**Task goal**:
Begin your transcription at the line containing "This vibrant red" and continue it, word for word, to the final line below. Include only those lines and skip the pictures.

**Provided material**:

BEGIN

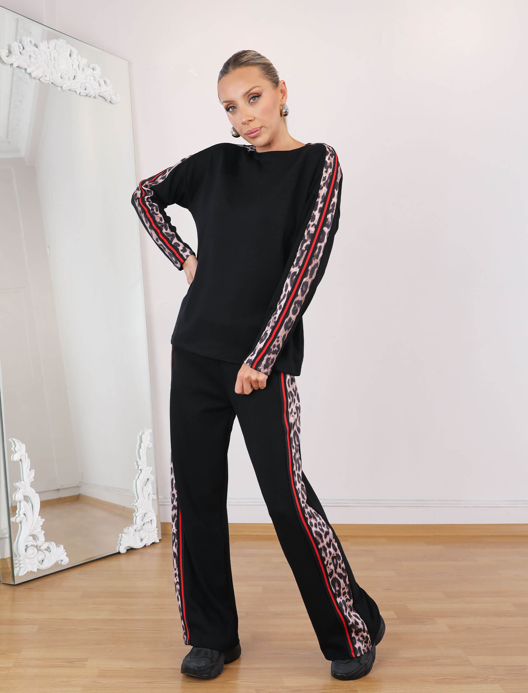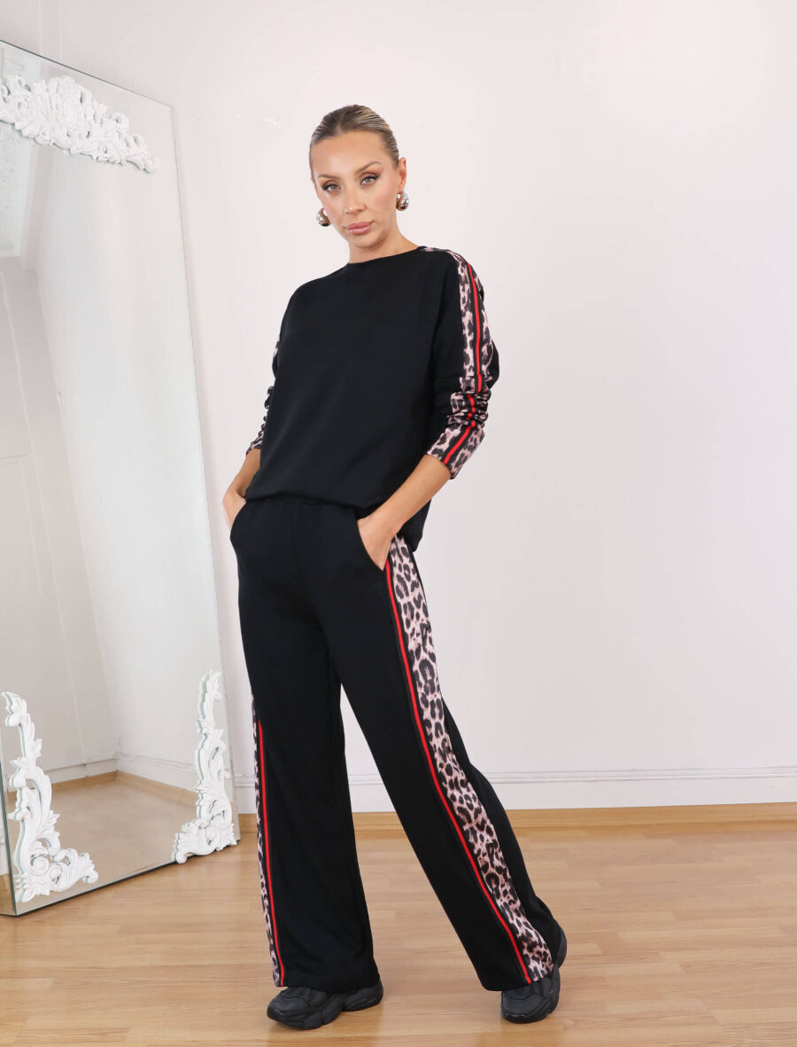 Siyah Leopardesen Kırmızı Şerit Takım
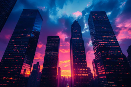 Low-angle view of modern skyscrapers in a city, showcasing urban architecture and cityscapes at dusk or dawn
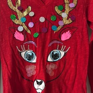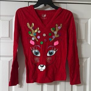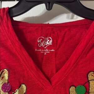 This vibrant red long sleeve tee from Justice features a unique reindeer design with cactus antlers, adding a playful twist to traditional holiday wear. The shirt's casual knit style and v-neck collar make it a comfortable choice for festive occasions.
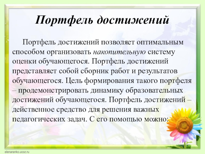 Портфель достижений представляет собой сборник работ и результатов обучающегося. Цель формирования такого портфеля – продемонстрировать динамику образовательных достижений обучающегося. Портфель достижений – действенное средство для решения важных педагогических задач. С его помощью можно:

END

**Exercise result**:
 This vibrant red long sleeve tee from Justice features a unique reindeer design with cactus antlers, adding a playful twist to traditional holiday wear. The shirt's casual knit style and v-neck collar make it a comfortable choice for festive occasions.
 Портфель достижений представляет собой сборник работ и результатов обучающегося. Цель формирования такого портфеля – продемонстрировать динамику образовательных достижений обучающегося. Портфель достижений – действенное средство для решения важных педагогических задач. С его помощью можно:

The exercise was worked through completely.